The current SOTA models do very well (~90% accuracy) at few-shot learning tasks in the CIFAR-FS dataset [source], which has a comparable resolution to the images seen by bees, so I think that this task is quite solvable. Even bees and the models I discussed seem to do pretty well compared to chance.
Interesting to learn that compute figures can be brought down so much without accuracy loss! Could you point me to some reading material about this?
Two methods I have personally used:
quantization to int-8
A third way is “sparse” networks—many of the weights end up being near zero, and you can simply neglect those, but you need your hardware to support sparse matrix convolution.

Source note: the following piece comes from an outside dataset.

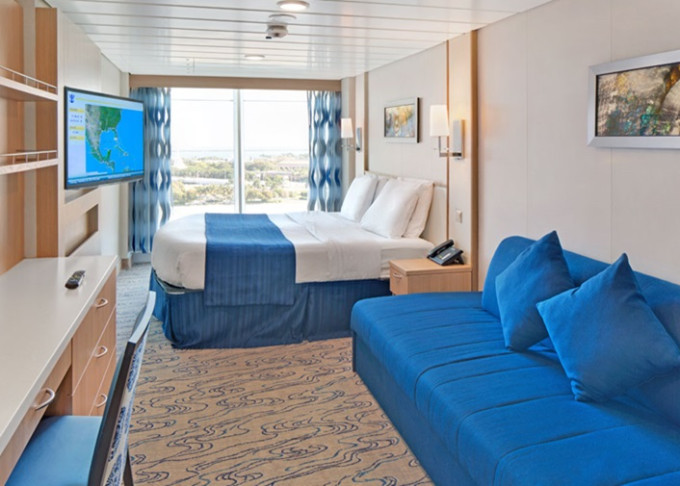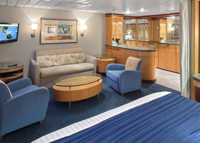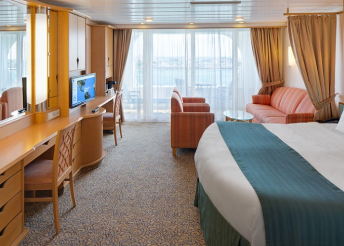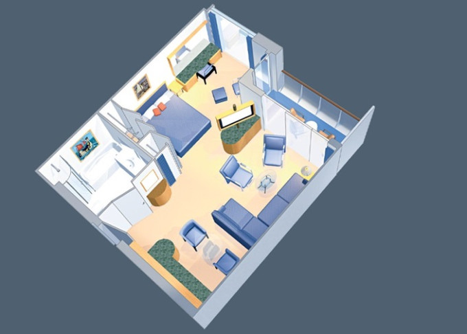 VP - Ocean View Panoramic Suite (bez balkónu) 37 m². Panoramatické neotvárateľné okná.12. paluba - vpredu. Max 6 osôb. Výhody Royal Suite Class. 4 842 € 4 842 € za osobu

All of these methods have the tradeoff of a small decrease in accuracy for a large decrease in required compute.
And my point about “solvability” is that there is a certain amount of noise—entropy—in the images, such that a perfect classifier trained only on the image set, with infinite compute and the global maximumally performing model, still cannot reach 100%. As the finite set doesn’t have enough information. (and no, you cannot deduce the ‘seed’ of our universe and play forward until that moment as you do not have enough information to do that, even with infinite compute, at least if your only information input is the image set. You would find too many other universes that match the conditions. Human beings trying to manually solve the image aren’t a fair comparison because they are bringing in outside information that wasn’t in the set)
So there is some true ceiling for any regression problem, and you would actually expect that a ‘good’ modern method might be acceptably close to the ceiling, or get there soon. (if the ‘true ceiling’ is 97% accuracy a model that is 95% is good enough for engineering purposes)
Or a simple example : for a mostly fair coin, you cannot infer the future outcome of a flip better than the bias of the coin itself.